Exercise directions: Starting at the first entry, print everything through the last exactly.

Extracted information:

= Beginning of Section =

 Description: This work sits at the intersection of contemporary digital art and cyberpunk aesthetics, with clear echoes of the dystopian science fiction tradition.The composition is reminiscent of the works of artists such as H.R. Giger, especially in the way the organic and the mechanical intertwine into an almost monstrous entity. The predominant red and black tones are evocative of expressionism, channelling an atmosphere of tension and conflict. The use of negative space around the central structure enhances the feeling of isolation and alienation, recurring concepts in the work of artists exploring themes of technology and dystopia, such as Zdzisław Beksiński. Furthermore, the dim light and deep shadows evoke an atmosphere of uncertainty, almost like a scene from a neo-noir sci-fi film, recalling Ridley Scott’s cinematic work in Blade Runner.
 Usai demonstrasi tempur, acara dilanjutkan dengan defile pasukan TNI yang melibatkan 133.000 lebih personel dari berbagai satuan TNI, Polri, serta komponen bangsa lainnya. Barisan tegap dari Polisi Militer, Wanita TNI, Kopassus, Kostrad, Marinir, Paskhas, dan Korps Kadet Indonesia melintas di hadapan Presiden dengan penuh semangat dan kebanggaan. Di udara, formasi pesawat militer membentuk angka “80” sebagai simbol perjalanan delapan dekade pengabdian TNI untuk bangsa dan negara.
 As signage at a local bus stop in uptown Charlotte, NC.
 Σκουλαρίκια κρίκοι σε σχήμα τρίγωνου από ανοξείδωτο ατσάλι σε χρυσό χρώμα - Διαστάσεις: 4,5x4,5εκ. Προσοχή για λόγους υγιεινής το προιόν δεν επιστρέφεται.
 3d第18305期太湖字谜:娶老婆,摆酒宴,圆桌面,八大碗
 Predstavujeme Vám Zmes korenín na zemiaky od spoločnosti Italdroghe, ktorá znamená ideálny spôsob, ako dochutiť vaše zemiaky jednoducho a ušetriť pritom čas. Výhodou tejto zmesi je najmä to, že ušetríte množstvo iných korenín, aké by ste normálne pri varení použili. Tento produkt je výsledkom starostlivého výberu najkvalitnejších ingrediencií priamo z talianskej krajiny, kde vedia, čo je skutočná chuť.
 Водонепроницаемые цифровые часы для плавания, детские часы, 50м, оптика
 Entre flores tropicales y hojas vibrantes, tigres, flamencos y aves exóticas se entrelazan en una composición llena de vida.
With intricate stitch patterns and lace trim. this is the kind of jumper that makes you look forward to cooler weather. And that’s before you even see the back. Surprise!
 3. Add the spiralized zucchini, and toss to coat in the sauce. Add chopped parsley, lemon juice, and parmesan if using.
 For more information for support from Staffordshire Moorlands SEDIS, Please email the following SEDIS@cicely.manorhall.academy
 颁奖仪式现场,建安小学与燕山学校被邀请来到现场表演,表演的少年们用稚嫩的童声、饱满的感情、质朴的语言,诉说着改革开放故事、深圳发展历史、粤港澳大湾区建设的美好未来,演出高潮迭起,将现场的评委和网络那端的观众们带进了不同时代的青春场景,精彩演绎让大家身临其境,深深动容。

= End of Section =

Response to the exercise:
 Description: This work sits at the intersection of contemporary digital art and cyberpunk aesthetics, with clear echoes of the dystopian science fiction tradition.The composition is reminiscent of the works of artists such as H.R. Giger, especially in the way the organic and the mechanical intertwine into an almost monstrous entity. The predominant red and black tones are evocative of expressionism, channelling an atmosphere of tension and conflict. The use of negative space around the central structure enhances the feeling of isolation and alienation, recurring concepts in the work of artists exploring themes of technology and dystopia, such as Zdzisław Beksiński. Furthermore, the dim light and deep shadows evoke an atmosphere of uncertainty, almost like a scene from a neo-noir sci-fi film, recalling Ridley Scott’s cinematic work in Blade Runner.
 Usai demonstrasi tempur, acara dilanjutkan dengan defile pasukan TNI yang melibatkan 133.000 lebih personel dari berbagai satuan TNI, Polri, serta komponen bangsa lainnya. Barisan tegap dari Polisi Militer, Wanita TNI, Kopassus, Kostrad, Marinir, Paskhas, dan Korps Kadet Indonesia melintas di hadapan Presiden dengan penuh semangat dan kebanggaan. Di udara, formasi pesawat militer membentuk angka “80” sebagai simbol perjalanan delapan dekade pengabdian TNI untuk bangsa dan negara.
 As signage at a local bus stop in uptown Charlotte, NC.
 Σκουλαρίκια κρίκοι σε σχήμα τρίγωνου από ανοξείδωτο ατσάλι σε χρυσό χρώμα - Διαστάσεις: 4,5x4,5εκ. Προσοχή για λόγους υγιεινής το προιόν δεν επιστρέφεται.
 3d第18305期太湖字谜:娶老婆,摆酒宴,圆桌面,八大碗
 Predstavujeme Vám Zmes korenín na zemiaky od spoločnosti Italdroghe, ktorá znamená ideálny spôsob, ako dochutiť vaše zemiaky jednoducho a ušetriť pritom čas. Výhodou tejto zmesi je najmä to, že ušetríte množstvo iných korenín, aké by ste normálne pri varení použili. Tento produkt je výsledkom starostlivého výberu najkvalitnejších ingrediencií priamo z talianskej krajiny, kde vedia, čo je skutočná chuť.
 Водонепроницаемые цифровые часы для плавания, детские часы, 50м, оптика
 Entre flores tropicales y hojas vibrantes, tigres, flamencos y aves exóticas se entrelazan en una composición llena de vida.
With intricate stitch patterns and lace trim. this is the kind of jumper that makes you look forward to cooler weather. And that’s before you even see the back. Surprise!
 3. Add the spiralized zucchini, and toss to coat in the sauce. Add chopped parsley, lemon juice, and parmesan if using.
 For more information for support from Staffordshire Moorlands SEDIS, Please email the following SEDIS@cicely.manorhall.academy
 颁奖仪式现场,建安小学与燕山学校被邀请来到现场表演,表演的少年们用稚嫩的童声、饱满的感情、质朴的语言,诉说着改革开放故事、深圳发展历史、粤港澳大湾区建设的美好未来,演出高潮迭起,将现场的评委和网络那端的观众们带进了不同时代的青春场景,精彩演绎让大家身临其境,深深动容。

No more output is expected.